Деви стала понемногу прислушиваться к тому, что говорил ей внук, анализируя не его слова, а интонацию, жесты, выражение лица. Сомнений не было — мальчик не просто влюблен, опьянен страстью. Чувство, которое пылает в нем, сильней, чем горячечная жажда наслаждений. Он полон любовью и… Он счастлив!

«О, боги! — испугалась Деви. — Он любит эту женщину! Он хочет сделать ее своей женой, привести в этот дом, прожить вместе с ней жизнь! Что же делать?»

Деви не была спесивой брахманкой, судящей всех людей согласно тому, к какой касте они принадлежат. Но длинная вереница предков, принадлежащих к браминам и гордившихся этим, не была для нее пустым звуком. У всякого свободомыслия есть свои границы, считала Деви. Можно дружить с кем угодно, даже с неприкасаемыми, приглашать их в дом, учиться вместе с ними, есть за одним столом. Но жена — это даже не самый близкий друг! Ей не скажешь: «До свидания, дорогая, увидимся завтра!» и не уйдешь в свой мир, построенный в соответствии с обычаями и традициями общества, к которому принадлежишь. С ней делишь все, и даже кровь мужа и жены смешивается в детях.

Бабушка никогда и представить себе не могла, что ее внук мог избрать невесту, которая не принадлежала бы к брахманам.
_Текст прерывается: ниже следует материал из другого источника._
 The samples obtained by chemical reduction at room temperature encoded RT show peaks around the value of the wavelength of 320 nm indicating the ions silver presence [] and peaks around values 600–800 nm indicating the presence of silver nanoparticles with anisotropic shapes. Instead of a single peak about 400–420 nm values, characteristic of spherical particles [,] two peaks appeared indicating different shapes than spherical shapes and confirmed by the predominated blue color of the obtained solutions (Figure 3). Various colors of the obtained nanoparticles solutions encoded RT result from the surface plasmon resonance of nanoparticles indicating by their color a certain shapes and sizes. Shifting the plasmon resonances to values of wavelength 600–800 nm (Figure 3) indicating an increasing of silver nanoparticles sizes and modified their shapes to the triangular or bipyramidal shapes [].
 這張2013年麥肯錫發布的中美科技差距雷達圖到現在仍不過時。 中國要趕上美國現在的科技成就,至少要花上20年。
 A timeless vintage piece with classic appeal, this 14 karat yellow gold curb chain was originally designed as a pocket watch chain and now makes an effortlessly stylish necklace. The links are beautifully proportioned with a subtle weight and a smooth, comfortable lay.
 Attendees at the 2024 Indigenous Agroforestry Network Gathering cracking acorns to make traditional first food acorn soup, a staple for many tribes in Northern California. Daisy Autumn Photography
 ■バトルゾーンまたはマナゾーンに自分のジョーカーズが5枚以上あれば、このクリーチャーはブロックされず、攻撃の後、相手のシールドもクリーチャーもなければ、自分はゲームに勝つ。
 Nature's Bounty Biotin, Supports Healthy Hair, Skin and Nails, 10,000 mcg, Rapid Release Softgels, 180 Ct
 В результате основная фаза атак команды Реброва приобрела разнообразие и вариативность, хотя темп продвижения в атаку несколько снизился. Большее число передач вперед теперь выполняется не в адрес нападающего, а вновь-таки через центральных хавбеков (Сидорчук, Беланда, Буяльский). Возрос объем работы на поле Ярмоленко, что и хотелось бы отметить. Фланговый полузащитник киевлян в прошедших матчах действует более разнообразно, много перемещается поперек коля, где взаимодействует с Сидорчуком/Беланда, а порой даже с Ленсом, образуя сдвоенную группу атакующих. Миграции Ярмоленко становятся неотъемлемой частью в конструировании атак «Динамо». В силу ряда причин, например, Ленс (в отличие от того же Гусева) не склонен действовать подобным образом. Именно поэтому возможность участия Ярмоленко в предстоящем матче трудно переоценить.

Но эта девушка из Гималаев — она, как это следует из несвязных речей Нарендера, вообще ни к какой касте не принадлежит! Участь людей, не имеющих никакой касты, во всей Индии еще плачевнее, чем судьба кшатриев-неприкасаемых. Касты лишают за страшные прегрешения — например, вдову-брахманку, осмелившуюся вопреки древнему закону вновь выйти замуж. Куда лучше быть свинопасом или уборщиком нечистот, но иметь все-таки какое-то свое, зафиксированное место в обществе, чем жить вне предписанного богами устройства мира. И чтобы женщина, выросшая без касты, стала женой младшего из Сахаи?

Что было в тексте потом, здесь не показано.